WHAT THIS TASK INVOLVES —
Give the listing back in full, exactly as written, with the pictures removed.
──────── DATASET EXTRACT
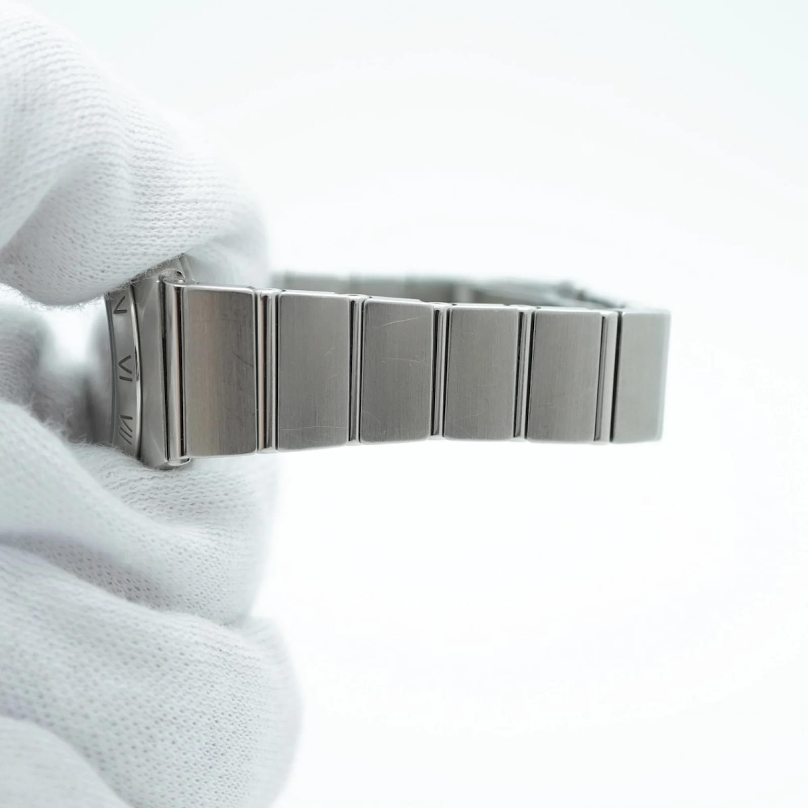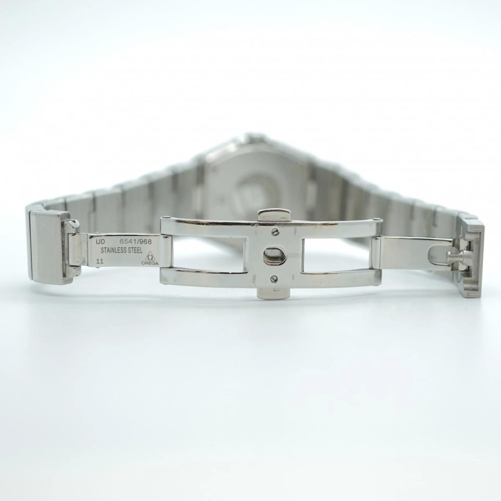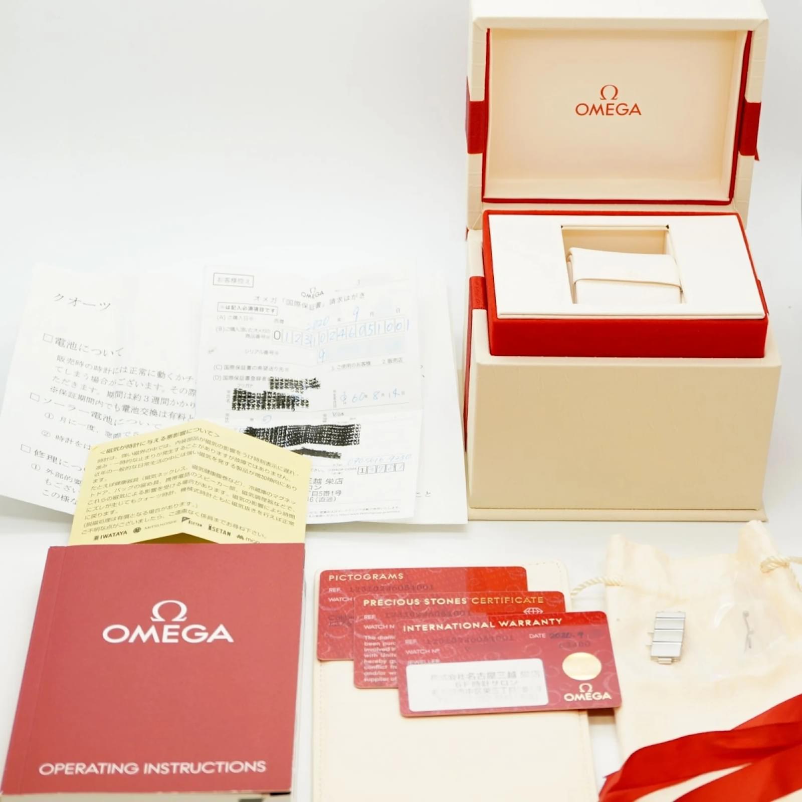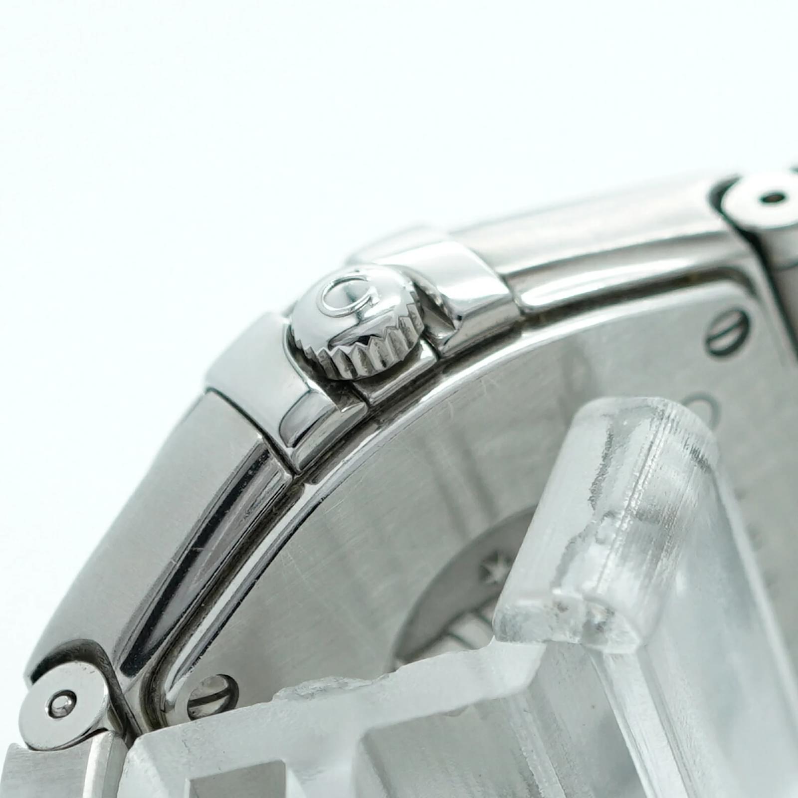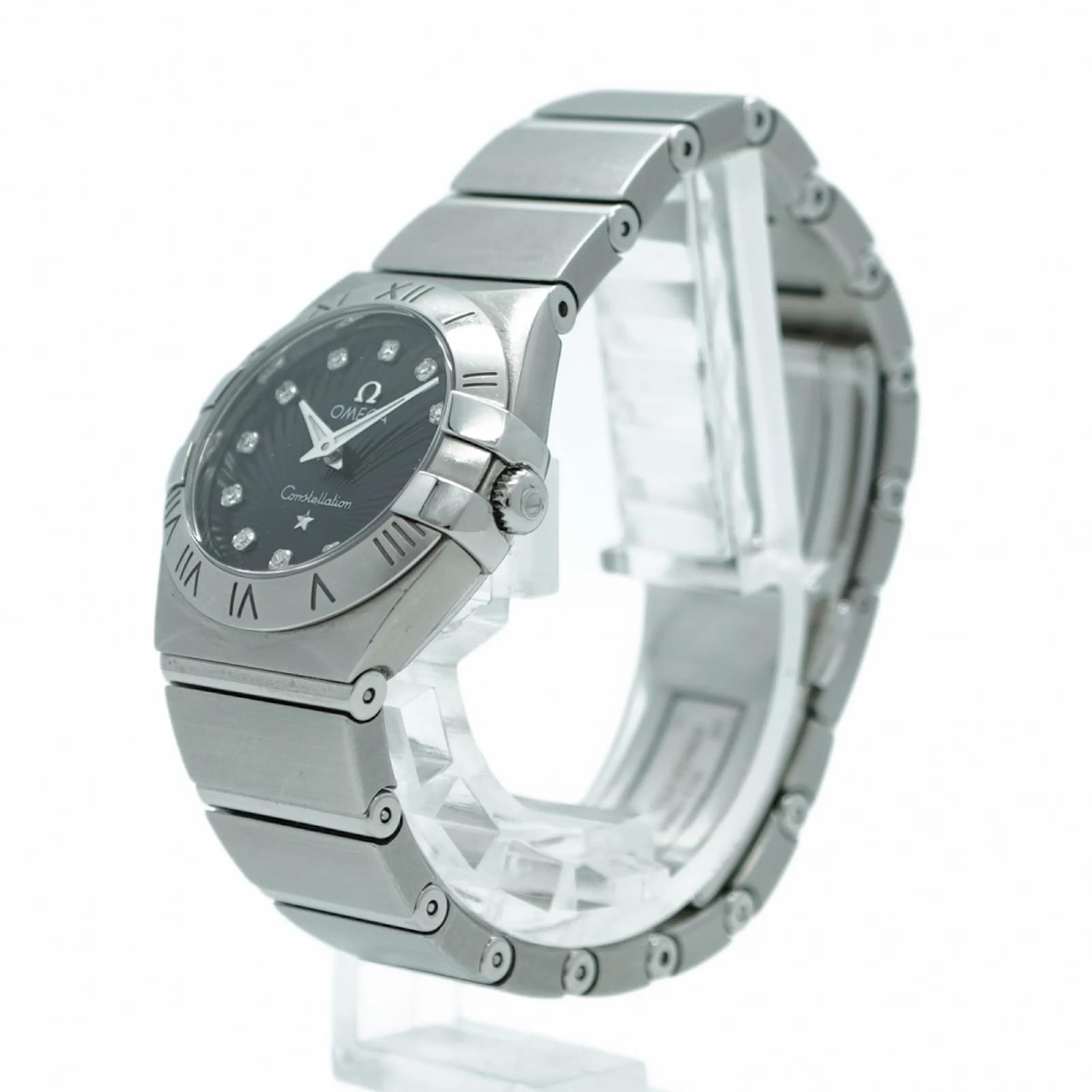 The Omega Constellation 123.10.24.60.51.001 is a stylish wristwatch designed for women, featuring a classic black dial. The watch is crafted with a stainless steel band, ensuring durability and a sleek appearance. It operates on a reliable quartz movement and is suitable for a wrist size of 13cm (5.11 inches) with a case diameter of 25mm (0.98 inches). \n\nThis pre-owned timepiece is in good condition, showing slight signs of wear, including minor scratches on the bezel, case back, dial, glass, and crown. The seller ranks it as \”Rank AB,\” indicating it has traces of usage but remains generally in good condition. \n\nIncluded with the watch are a guarantee card, inner box, outer box, and pictogram. Potential buyers are encouraged to review the images for a detailed view of the item’s condition and included accessories.
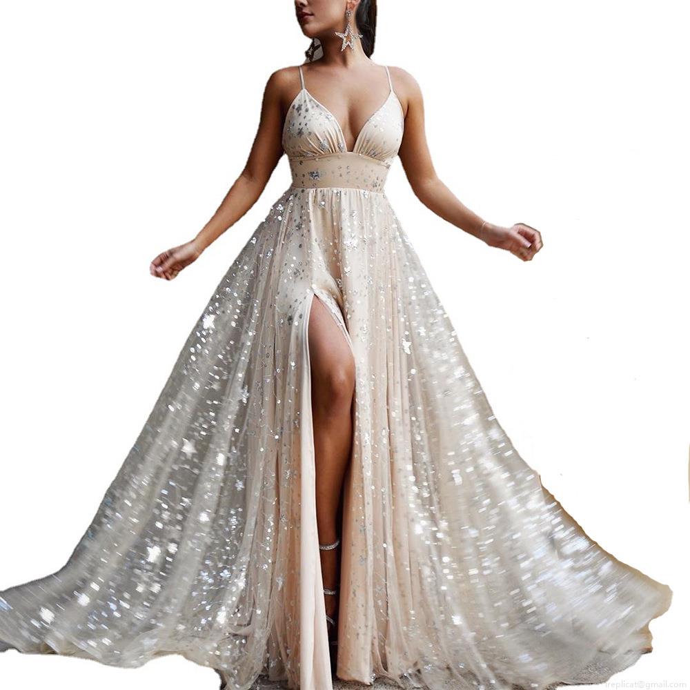 Women's Elegant Champagne Sequin Maxi Dress Sexy Deep V Neck Cami High Slit Star Tulle Evening Gown Floor Length Party Wedding Dress
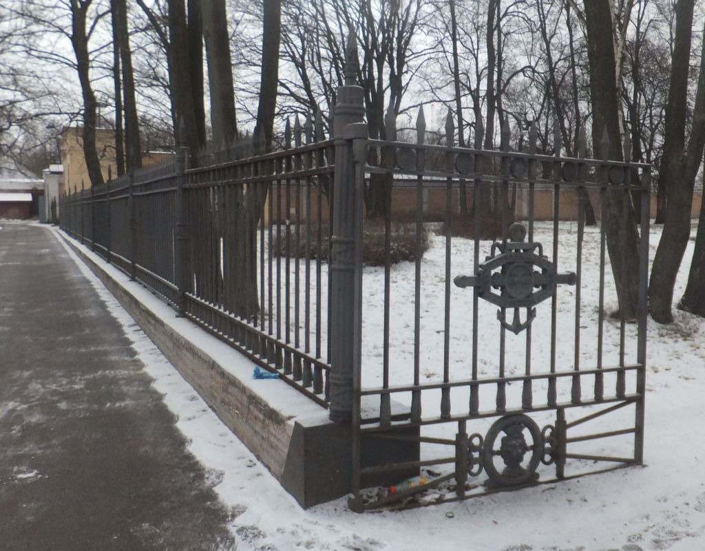 Объемно-пространственное решение:местоположение, габариты и конфигурация ограды на цоколе с одними воротами по крайней восточной части отделяющая южную границу сада по Макаровской улице до канала Петровского дока.Конструктивная система:историческая конструкция ограды, включая: цоколь – местоположение, габариты, конфигурация (прямоугольная в профиле), материал (блоки из известняка); навершие и заполнение ограды – конструкция (опорные столбы, с горизонтальными направляющими и вертикальными стойками);местоположение, габариты, материал (металл), техника исполнения (литье); ворота – тип (двустворчатые с одностворчатой калиткой), конструкция (створки ворот и калитки); местоположение, габариты, материал (металл), техника исполнения (литье).Архитектурно-художественное решение: навершие ограды – оформление и рисунок:опорные столбы в виде стилизованных фасций с двойными топориками в верхней части и завершением в виде стилизованного навершия копья; горизонтальные направляющие квадратного сечения и вертикальные фигурные стойки с завершениями в виде пик;ворота – оформление створок ворот и калитки- круглые медальоны между вертикальными стойками;композиция в виде стилизованных соединенных щита, меча и якоря в центральной части створок;композиция в виде геометрического орнамента с львиным маскароном в центре в основании створок.опорные столбы в виде стилизованных фасций с двойными топориками в верхней части и завершением в виде стилизованного навершия копья; горизонтальные направляющие квадратного сечения и вертикальные фигурные стойки с завершениями в виде пик;ворота – оформление створок ворот и калитки- круглые медальоны между вертикальными стойками;композиция в виде стилизованных соединенных щита, меча и якоря в центральной части створок;композиция в виде геометрического орнамента с львиным маскароном в центре в основании створок.
────────────────
PROBLEM SOLUTION —
 The Omega Constellation 123.10.24.60.51.001 is a stylish wristwatch designed for women, featuring a classic black dial. The watch is crafted with a stainless steel band, ensuring durability and a sleek appearance. It operates on a reliable quartz movement and is suitable for a wrist size of 13cm (5.11 inches) with a case diameter of 25mm (0.98 inches). \n\nThis pre-owned timepiece is in good condition, showing slight signs of wear, including minor scratches on the bezel, case back, dial, glass, and crown. The seller ranks it as \”Rank AB,\” indicating it has traces of usage but remains generally in good condition. \n\nIncluded with the watch are a guarantee card, inner box, outer box, and pictogram. Potential buyers are encouraged to review the images for a detailed view of the item’s condition and included accessories.
 Women's Elegant Champagne Sequin Maxi Dress Sexy Deep V Neck Cami High Slit Star Tulle Evening Gown Floor Length Party Wedding Dress
 Объемно-пространственное решение:местоположение, габариты и конфигурация ограды на цоколе с одними воротами по крайней восточной части отделяющая южную границу сада по Макаровской улице до канала Петровского дока.Конструктивная система:историческая конструкция ограды, включая: цоколь – местоположение, габариты, конфигурация (прямоугольная в профиле), материал (блоки из известняка); навершие и заполнение ограды – конструкция (опорные столбы, с горизонтальными направляющими и вертикальными стойками);местоположение, габариты, материал (металл), техника исполнения (литье); ворота – тип (двустворчатые с одностворчатой калиткой), конструкция (створки ворот и калитки); местоположение, габариты, материал (металл), техника исполнения (литье).Архитектурно-художественное решение: навершие ограды – оформление и рисунок:опорные столбы в виде стилизованных фасций с двойными топориками в верхней части и завершением в виде стилизованного навершия копья; горизонтальные направляющие квадратного сечения и вертикальные фигурные стойки с завершениями в виде пик;ворота – оформление створок ворот и калитки- круглые медальоны между вертикальными стойками;композиция в виде стилизованных соединенных щита, меча и якоря в центральной части створок;композиция в виде геометрического орнамента с львиным маскароном в центре в основании створок.опорные столбы в виде стилизованных фасций с двойными топориками в верхней части и завершением в виде стилизованного навершия копья; горизонтальные направляющие квадратного сечения и вертикальные фигурные стойки с завершениями в виде пик;ворота – оформление створок ворот и калитки- круглые медальоны между вертикальными стойками;композиция в виде стилизованных соединенных щита, меча и якоря в центральной части створок;композиция в виде геометрического орнамента с львиным маскароном в центре в основании створок.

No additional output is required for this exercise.